An optimizing brainfuck compiler in 200 lines of Standard ML (should compile with all SML compilers)
Generated C code outperforms that of the Tritium BF compiler "... BF interpreter/compiler/JIT runner makes other programs look slow. It is simply the fastest BF interpreter you'll find"
Complete with 2 separate backends
- x84-64 assembly
- C codgen
Optimizations include constant folding, elimination of zeroing loops, elimination of multiplication/division loops, and folding of cell movements along with arithmetic operations.
This all results in fairly optimized assembly, and using the C backend with -O3
flag set on gcc provides only about a ~2x speedup for most cases (I consider that pretty good!).

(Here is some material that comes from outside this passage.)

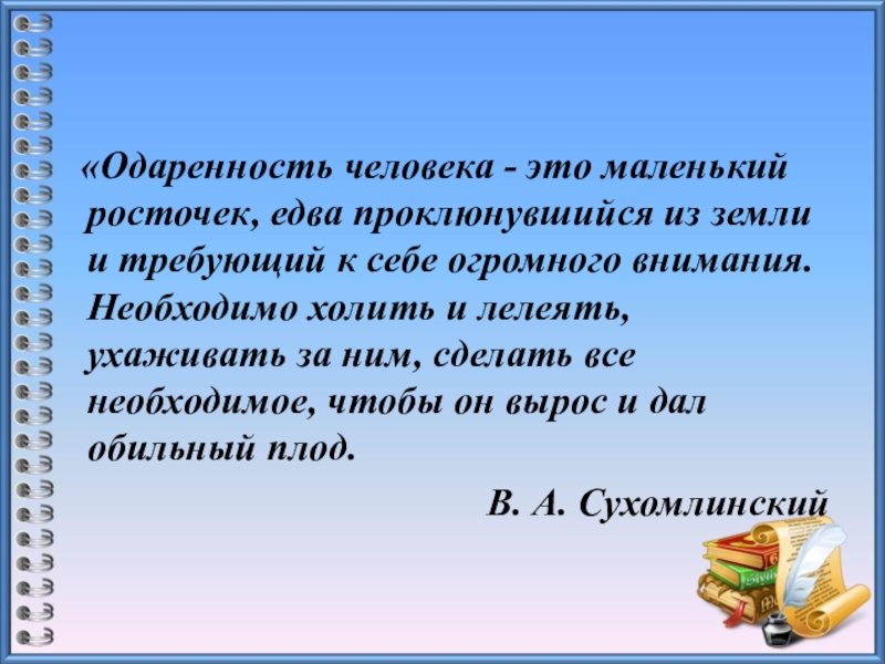 Слайд 2 «Одаренность человека - это маленький росточек, едва проклюнувшийся из

The generated assembly beats the speed of compiling the generated C code without optimizations
On my machine, I can run example/mandle.bf
in around 700 ms when compiled to assembly, and 325 ms when compiled to C with optimizations. Intrepretation of the same program takes around 7.5 seconds
Benchmarks:
trainmuck_c_O3 mandlebrot 326 +/- 1 ms
trainmuck_c_O0 mandlebrot 2200 +/ 50 ms
trainmuck_asm mandlebrot 730 +/- 1 ms
tritium_c_O3 mandlebrot 340 +/- 6 ms
tritium_c_O0 mandlebrot 590 +/- 2 ms